◆ **ASSIGNED TASK**
Only the text should come through, so restate the listing exactly and drop its images.

◆ **INFORMATION SHOWN**
########################################
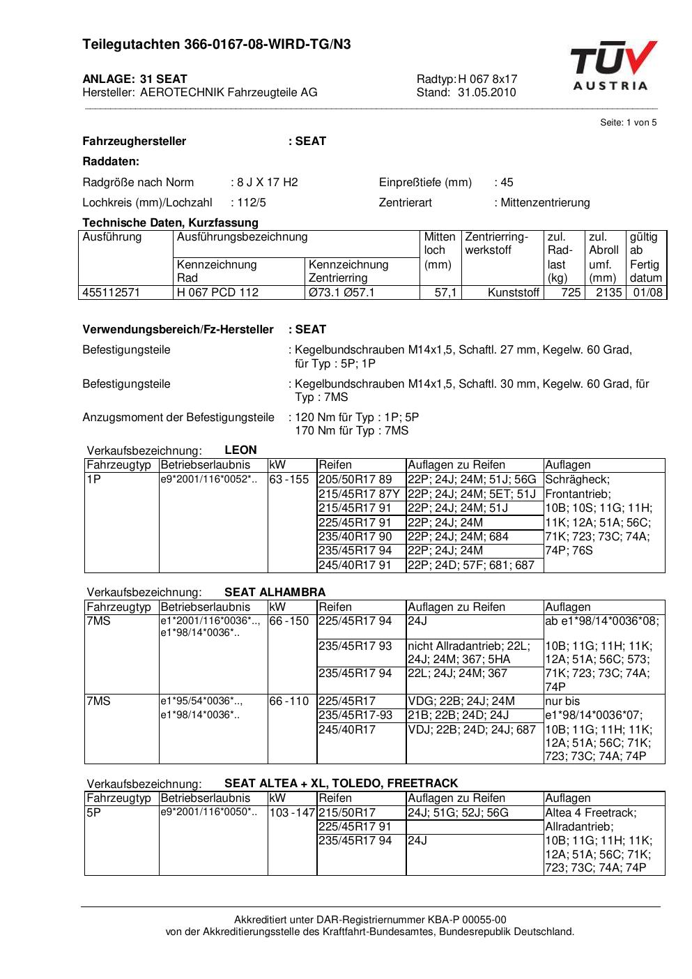 Dieses Gutachten (teilegutachten) bezieht sich auf die Alufelge ATS H 067 8x17 in der Ausführung 8Jx17 ET 0, Mittenloch 0 mm . Im PDF findest du typischerweise zulässige Reifengrößen, Auflagen/Anbauhinweise und – je nach Dokument – Hinweise zur Eintragung.
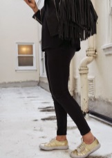 - Tunics and plain leggings combined with golden sneakers will create a seductive look that helps emphasize the virtues of a female figure.
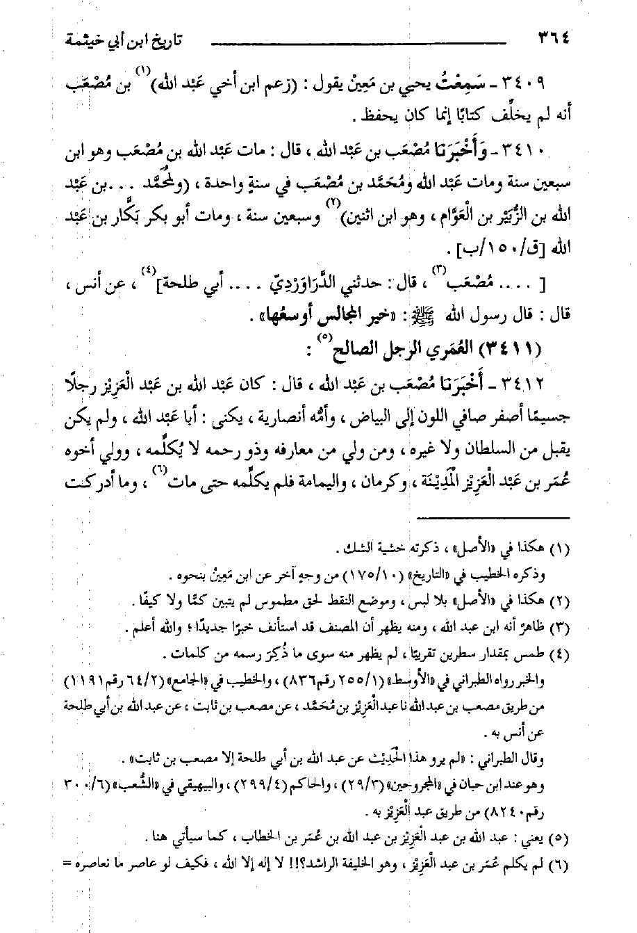 3409- سَمِعْتُ يَحْيَى بْن مَعِيْن يَقُولُ: زعم ابن أخي عَبْد الله بن مُصْعَب أنه لم يخلِّف كتابا إنما كان يحفظ.
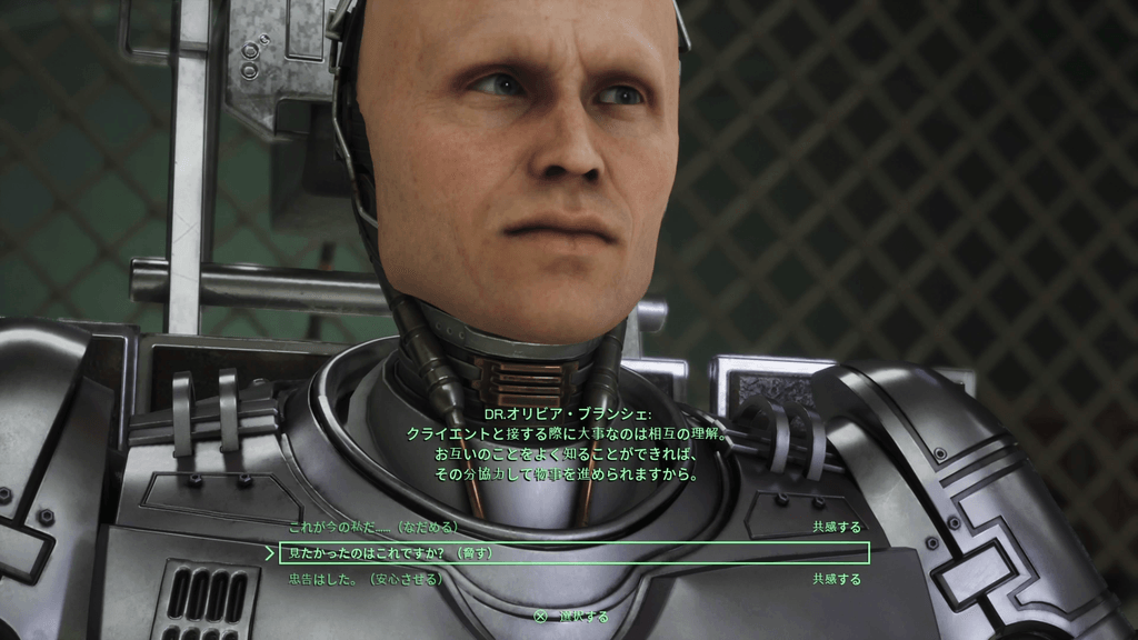 相手のことを想い人間的な行動をするのか、あくまでロボットとして職務を優先するのか。その選択はロボコップとなるプレイヤーにつねにゆだねられます。その後のストーリーに大きく影響することもあるので、言葉は慎重に選んでください。
########################################
◆ **ANSWER BOX**
 Dieses Gutachten (teilegutachten) bezieht sich auf die Alufelge ATS H 067 8x17 in der Ausführung 8Jx17 ET 0, Mittenloch 0 mm . Im PDF findest du typischerweise zulässige Reifengrößen, Auflagen/Anbauhinweise und – je nach Dokument – Hinweise zur Eintragung.
 - Tunics and plain leggings combined with golden sneakers will create a seductive look that helps emphasize the virtues of a female figure.
 3409- سَمِعْتُ يَحْيَى بْن مَعِيْن يَقُولُ: زعم ابن أخي عَبْد الله بن مُصْعَب أنه لم يخلِّف كتابا إنما كان يحفظ.
 相手のことを想い人間的な行動をするのか、あくまでロボットとして職務を優先するのか。その選択はロボコップとなるプレイヤーにつねにゆだねられます。その後のストーリーに大きく影響することもあるので、言葉は慎重に選んでください。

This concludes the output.